Nadie volvió a verlo con vida.

El trayecto hasta la isla suele durar unos cuarenta y cinco minutos; pero aquella noche en concreto, el estado del mar lo alargó considerablemente. Según Rick, atracar un barco de sesenta metros con un viento de cincuenta nudos no es lo que la gente entiende por diversión. Eran casi las once cuando el ferry llegó a Martha’s Vineyard, y los coches empezaron a desembarcar. Todos salvo un Ford Escape 4 × 4 de color tostado. El sobrecargo hizo una llamada por los altavoces del barco reclamando la presencia del propietario ya que el coche bloqueaba el paso de los vehículos que tenía detrás. Como nadie se presentó, la tripulación comprobó las puertas, que resultaron estar sin cerrar, y empujó el Ford hasta dejarlo en el muelle. A continuación, registraron el barco minuciosamente: bajo las escaleras, en los lavabos, en el bar, incluso en los botes salvavidas. Nada. Llamaron a la terminal de Woods Hole para comprobar si alguien había desembarcado antes de que el ferry partiera o si se había quedado en tierra por despiste. De nuevo, nada. Fue entonces cuando un agente de la Massachusetts Steamship Authority se puso en contacto con el servicio de Guardacostas de Falmouth para informar de un posible caso de «hombre al agua».

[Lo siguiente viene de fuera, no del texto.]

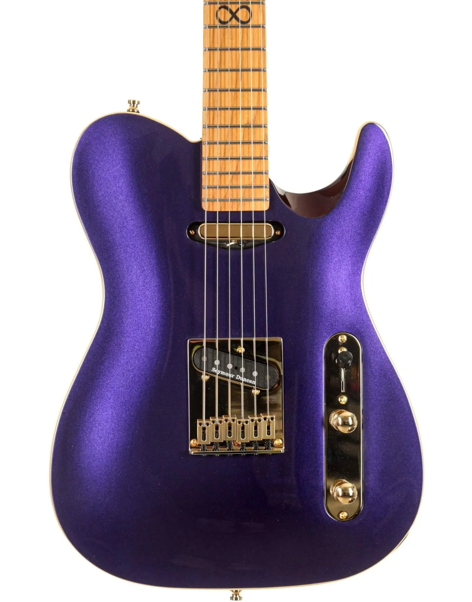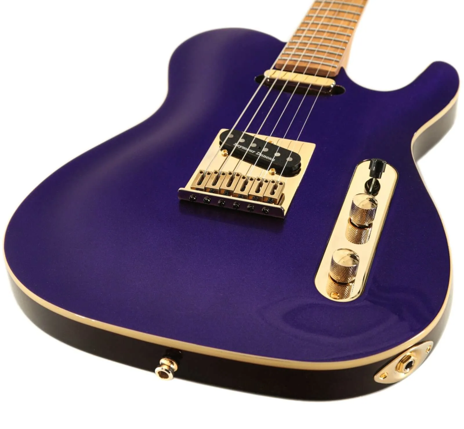 Behold the Chapman ML3 Pro Traditional Classic Purple Metallic Gloss, a guitar that glistens like a vintage limousine gliding through the rain, combining grace and style with a roaring engine, in its Seymour Duncan “Hot Tele” Single coil pickups.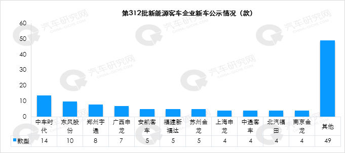 本批共有46家车企的124款客车车型申报,从申报的新能源客车型来看,本批共有45家车企的119款新能源客车车型申报,此次申报的企业主要包括:中车时代和东风股份两家企业均申报10款以上新车型,其他企业申报车型多数在4-5款,目前客车市场进入申报公告车型几乎均为新能源类车型产品。

Cuando la policía comprobó la matrícula del coche descubrió que estaba a nombre de Martin S. Rhinehart, de Nueva York, a pesar de que, cuando al fin lo localizaron, se encontraba en su rancho de California. En esos momentos era casi medianoche en la costa Este y las nueve en la Oeste.

—¿Hablamos del verdadero Marty Rhinehart? —interrumpí.

—Del auténtico.

Rhinehart confirmó de inmediato a la policía a través del teléfono que aquel coche era suyo. Lo tenía en su casa de Martha’s Vineyard, para su propio uso y el de sus invitados en verano. También confirmó que, a pesar de la época del año, había un grupo de gente en su casa en aquellos momentos. Luego, prometió que llamaría para averiguar si alguien había cogido prestado el coche. Media hora más tarde, telefoneó diciendo que, en efecto, faltaba una persona, un tal McAra.

En esos momentos no se podía hacer nada más hasta que amaneciera. Tampoco importaba mucho; todo el mundo sabía que, si un pasajero había caído por la borda, la búsqueda sería la de un cadáver. Rick es uno de esos estadounidenses irritantemente en forma, que aparenta tener veinte años menos de los cuarenta que tiene y que hace cosas terribles a su cuerpo con canoas y bicicletas. Rick conoce ese mar: en una ocasión pasó dos días remando y dando la vuelta a la isla con su kayak. El ferry de Woods Hole cruza el estrecho, donde el canal Vineyard se encuentra con el canal Nantucket, y esas son aguas peligrosas. Con la marea alta se puede apreciar la fuerza de la corriente intentando arrastrar las grandes boyas de señalización. Rick meneó la cabeza. ¿En pleno enero, con un temporal y nevando? En esas condiciones nadie podría sobrevivir más de cinco minutos.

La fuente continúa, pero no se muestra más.